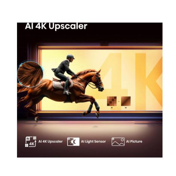 Non importa cosa stai guardando: l’Upscaler 4K AI lavora in tempo reale per migliorare la nitidezza di qualsiasi contenuto, portandolo vicino alla qualità 4K. E con il Movimento Fluido AI, anche le scene d’azione più veloci o gli eventi sportivi più frenetici risultano fluidi e privi di fastidiose sfocature.
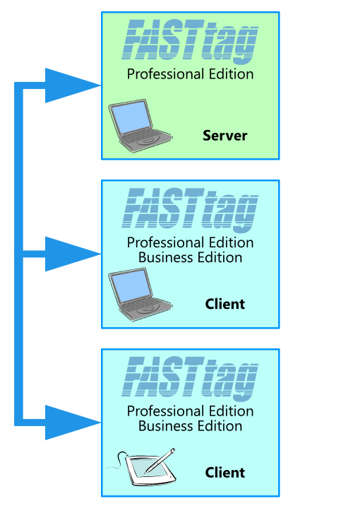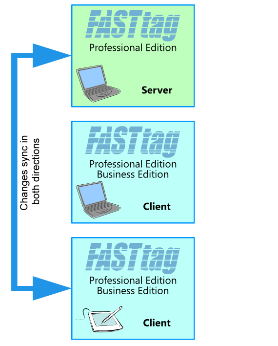 Network Data Sharing - SmartSyncUpdate all users with Data SynchronisationWith Advanced User System's unique SmartSync technology, all FASTtag users share their data across your network. This ensures all Companies and Locations, Appliance Items and Test Results are accurately replicated on all computers and devices. The SmartSync technology tracks all the changes made on each computer, and then when they next synchronise, the changes are replicated. This approach offers many advantages
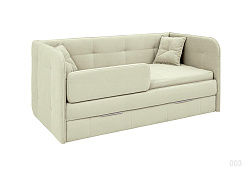 Кровать «Бондо» с мягкой обивкой Teddy, декоративной стяжкой и кантом станет стильным элементом интерьера и обеспечит уют, безопасность и функциональность на каждый день.
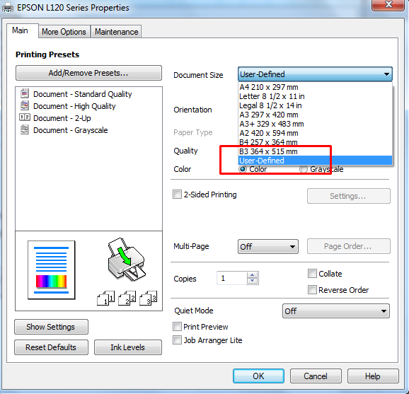 2. kemudian klik Properties, pada dokument Size pilihlah User-Defined
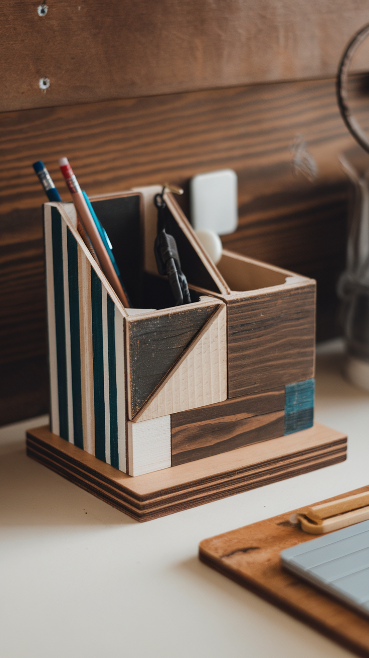 Source a solid block of scrap wood, take the time to drill various-sized holes for pens and a wider slot for your phone, and finish with a dark wax to create a nostalgic scrap wood project’s aesthetic that adds instant organization and historical interest to your desk.
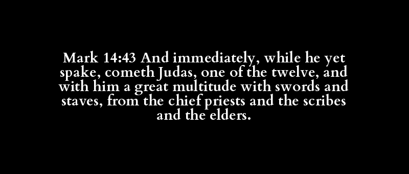 | [kai] | [eutheos] | [autos] | [eti] | [laleo] | [paraginomai] | [Ioudas] | [on] | [heis] | [dodeka] | [kai] | [meta] | [autos] | [polus] | [ochlos] | [meta] | [machaira] | [kai] | [xulon] | [para] | [archiereus] | [kai] | [grammateus] | [kai] | [presbuteros] |
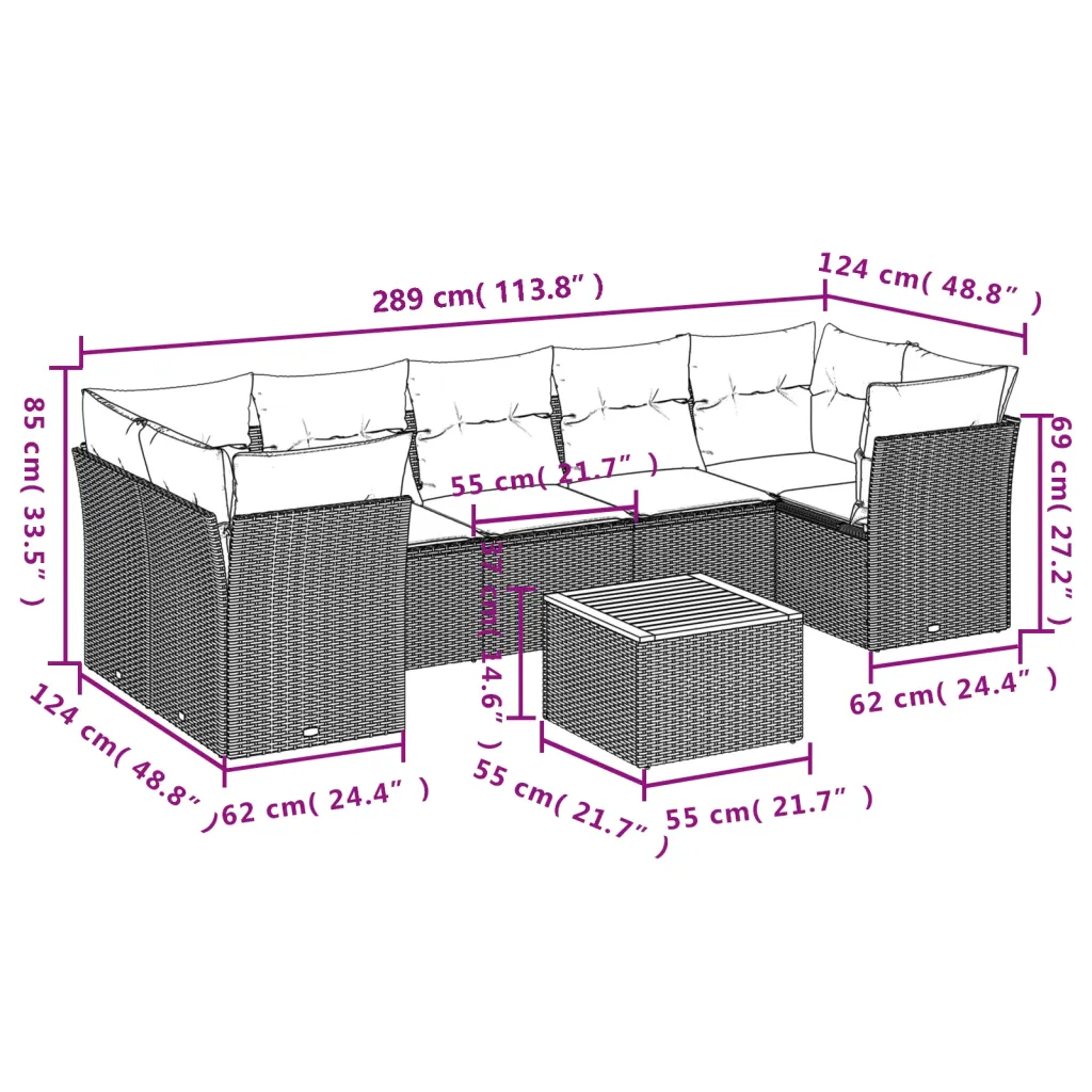 See 8-osaline modulaarne aiadiivani komplekt sobib hästi neile, kes otsivad praktilist ja vähe hooldust nõudvat lahendust mugava istumisala loomiseks õue. UV-kindel polürotang, tugev terasraam ja naturaalsest akaatsiapuidust lauaplaat ühendavad vastupidavuse ning ajatu välimuse, samas kui pehmed padjad ja paindlik paigutus võimaldavad väliruumi hõlpsalt oma vajaduste järgi kujundada.

◆ **DIRECTIONS**
From the first line of the material down to the line containing "[kai] | [presbuteros] |", inclusive, return each line exactly, skipping any picture.

◆ **RESPONSE FOR THIS EXERCISE**
 Non importa cosa stai guardando: l’Upscaler 4K AI lavora in tempo reale per migliorare la nitidezza di qualsiasi contenuto, portandolo vicino alla qualità 4K. E con il Movimento Fluido AI, anche le scene d’azione più veloci o gli eventi sportivi più frenetici risultano fluidi e privi di fastidiose sfocature.
 Network Data Sharing - SmartSyncUpdate all users with Data SynchronisationWith Advanced User System's unique SmartSync technology, all FASTtag users share their data across your network. This ensures all Companies and Locations, Appliance Items and Test Results are accurately replicated on all computers and devices. The SmartSync technology tracks all the changes made on each computer, and then when they next synchronise, the changes are replicated. This approach offers many advantages
 Кровать «Бондо» с мягкой обивкой Teddy, декоративной стяжкой и кантом станет стильным элементом интерьера и обеспечит уют, безопасность и функциональность на каждый день.
 2. kemudian klik Properties, pada dokument Size pilihlah User-Defined
 Source a solid block of scrap wood, take the time to drill various-sized holes for pens and a wider slot for your phone, and finish with a dark wax to create a nostalgic scrap wood project’s aesthetic that adds instant organization and historical interest to your desk.
 | [kai] | [eutheos] | [autos] | [eti] | [laleo] | [paraginomai] | [Ioudas] | [on] | [heis] | [dodeka] | [kai] | [meta] | [autos] | [polus] | [ochlos] | [meta] | [machaira] | [kai] | [xulon] | [para] | [archiereus] | [kai] | [grammateus] | [kai] | [presbuteros] |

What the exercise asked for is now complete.